Potential fd leak in xdp_program__is_attached
AdrianJab opened this issue · comments
Hello.
We have a watchdog class (using libxdp), which periodically calls xdp_program__is_attached in order to check if our XDP programs are still attached on sockets.

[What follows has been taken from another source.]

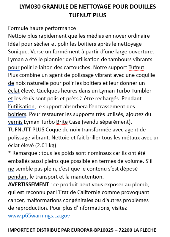 Le Lyman Case Cleaning Media est le choix le plus efficace pour nettoyer les étuis sales et ternis. Granulé de nettoyage à base de coquille de noix traitée, livré dans un pot réutilisable à bec verseur très pratique à utiliser. Les granulés Tufnut de Lyman restent le choix idéal pour le nettoyage de vos douilles après le tir. Enlève les traces de poudre et les imbrûlés tout en redonnant un aspect poli neuf à vos étuis.

The watchdog fires every second, and every second it creates two new files, which we can track with lsof
command.
Example:
data_engi 336030 root 8u a_inode 0,14 0 12569 [eventpoll]
data_engi 336030 root 9u sock 0,8 0t0 166896037 protocol: XDP
data_engi 336030 root 10u sock 0,8 0t0 166896052 protocol: XDP
data_engi 336030 root 11u a_inode 0,14 0 12569 [eventfd]
data_engi 336030 root 12r CHR 246,3 0t0 115 /dev/ptp3
data_engi 336030 root 13u a_inode 0,14 0 12569 [eventfd]
data_engi 336030 root 14u a_inode 0,14 0 12569 [eventfd]
data_engi 336030 root 15r a_inode 0,14 0 12569 btf
data_engi 336030 root 16u a_inode 0,14 0 12569 bpf-map
data_engi 336030 root 17u a_inode 0,14 0 12569 bpf-prog
data_engi 336030 root 18u a_inode 0,14 0 12569 bpf-prog
data_engi 336030 root 19u a_inode 0,14 0 12569 [eventfd]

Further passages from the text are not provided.